The World is Facing a Liquidity Trap

The crisis in one of the most significant result was for the past few years of negative global economic growth model. Both developed and developing countries, rely on past models are unable to obtain sustainable growth, economic structure, resource allocation is always a serious imbalance in the crisis of the hidden dangers. Therefore, changing the mode of economic growth in major economies, the authorities have to work. However, due to their own interests, a global coordinated operations almost impossible. In particular, some developed economies, continue to be passed on conflicts in trade barriers, political disputes, military confrontation, with victims will inevitably form a serious obstacle to economic growth and restricts the global recovery process.

Economies of scale based on the reasons for the developed countries, the situation worsened the impact of the global economy is obvious.

Restructuring is far from complete, the current policy will not be able to stimulate a lasting markedly. Therefore, the global economic slowdown or worse results, we should be fully prepared mentally.

In the last resort, keep the quantitative easing is the first choice.

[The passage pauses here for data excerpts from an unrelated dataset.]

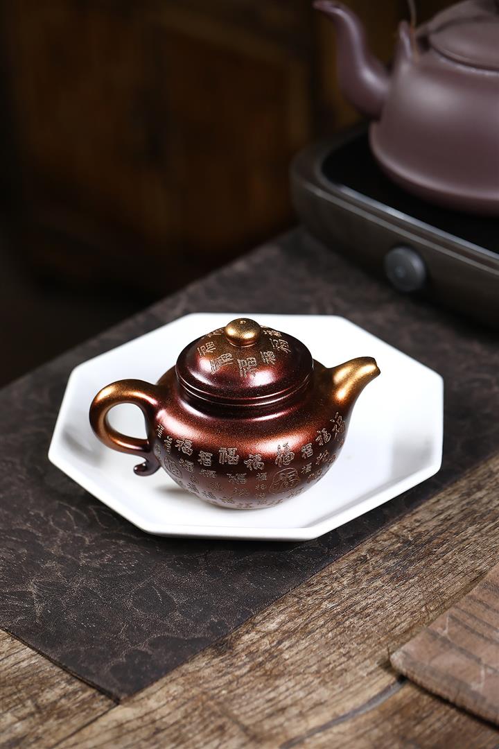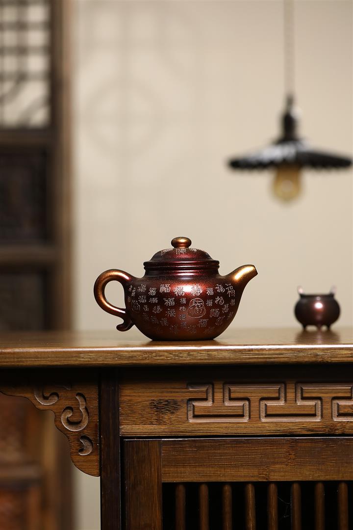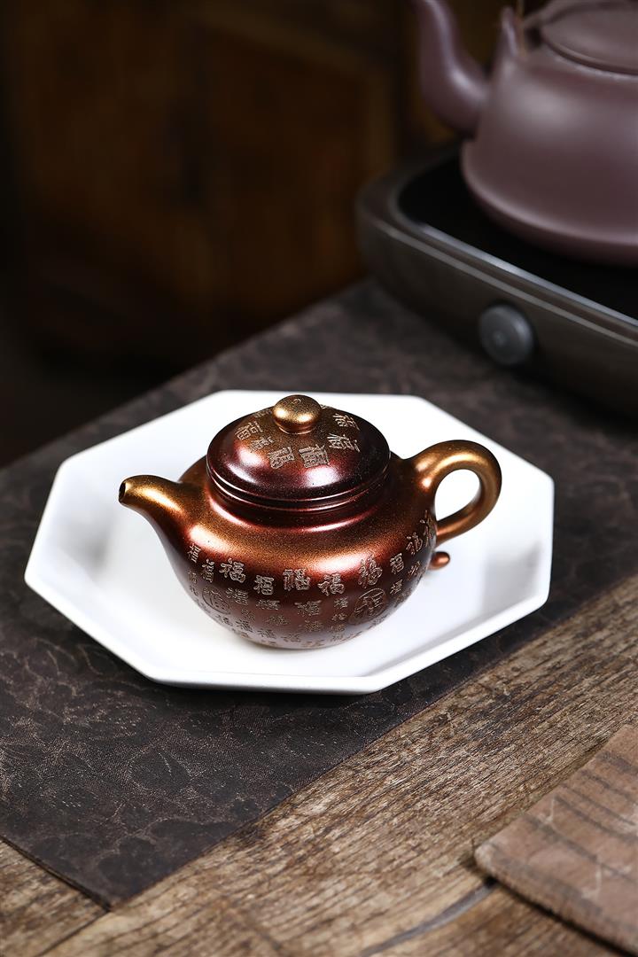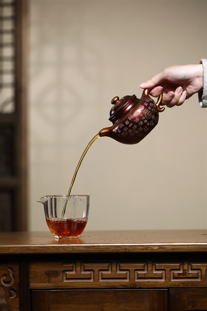 【泥料特點】砂土氣重,似淳實農民,日久使用,漸露鋒芒,養成變化,溫潤莊重。紫砂是壹種雙重氣孔結構的多孔性材質,氣孔微細,密度高。用紫砂壺沏茶,不失原味,且香不渙散,得茶之真香真味。紫砂使用越久,壺身色澤越發光亮照人,氣韻溫雅。紫砂壺長久使用器身會因撫摸擦拭,變得越發溫潤光澤。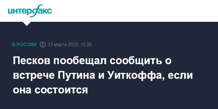 Песков пообещал сообщить о встрече Путина и Уиткоффа, если она состоится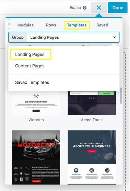 If you already have a structure for your landing page in mind, you’re ready to start dragging and dropping and can skip down to Step 3. To browse our templates, open the Content Panel and click the Templates tab, then click on the Group field and choose Landing Pages: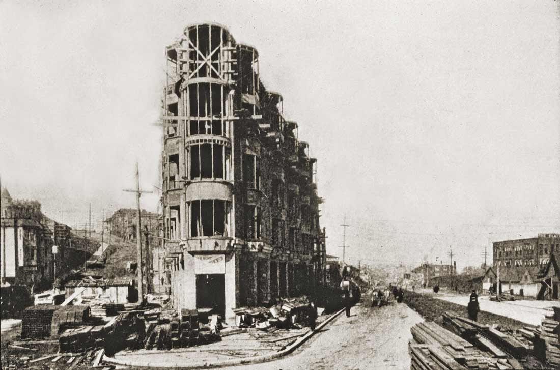 2- Westlake-building-c06WEB February 24, 2013 1100 × 727 2- Westlake-building-c06WEB Fourth Ave. on the left and Westlake on the right, in late 1906 after Westlake was cut through the city grid as far as Denny Way. The Plaza Hotel – later the triangular block for a one-story Bartells – is center-left.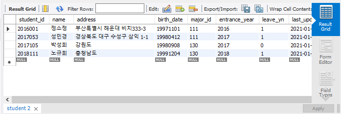 student_id, name, address, birth_date, major_id, enterance_year, leave_yn, last_update가 속성이다.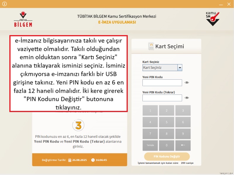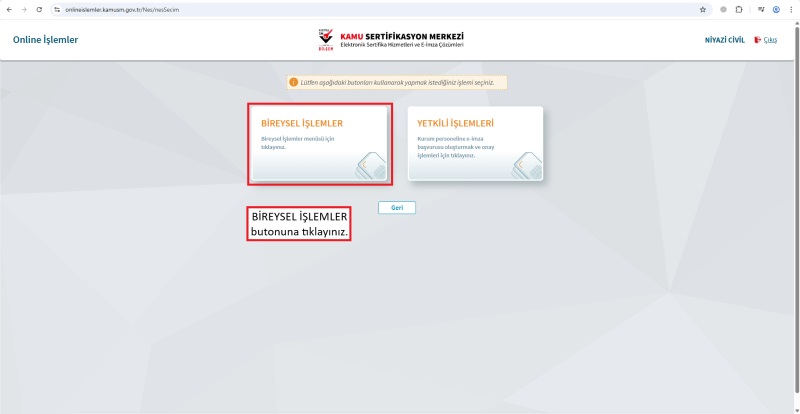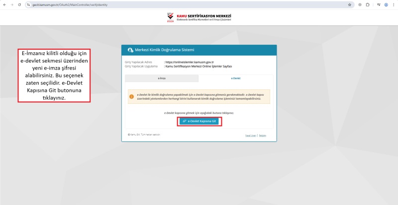 KVKK kapsamında ve ıslak imza yerine geçtiği için önem arz eden e-imza şifrenizin şahsınızca alınması gerekmektedir.

In fact, the quantitative easing tournament has started, through the United States, Japan’s recent performance can be easily seen.

As the large fiscal deficit, there are very few tools available to central banks and the government again tried to purchase securities to stimulate the economy forward. However, economic restructuring is not complete without the implementation of related policies, the market may not get the money if the Government wants to conduct investment and consumption, fear of Minzhong are reluctant to carry out short-term capital costs and long-term low risk, therefore, been the result of currency issued may eventually lead us into inflation before a liquidity trap.

Again the next central bank to buy bonds and other assets of the behavior can artificially drive down long-term bond yields (long-term interest rates), which is its purpose. With the influx of hedge funds, yield rapid, significant decline in the situation will be difficult to change.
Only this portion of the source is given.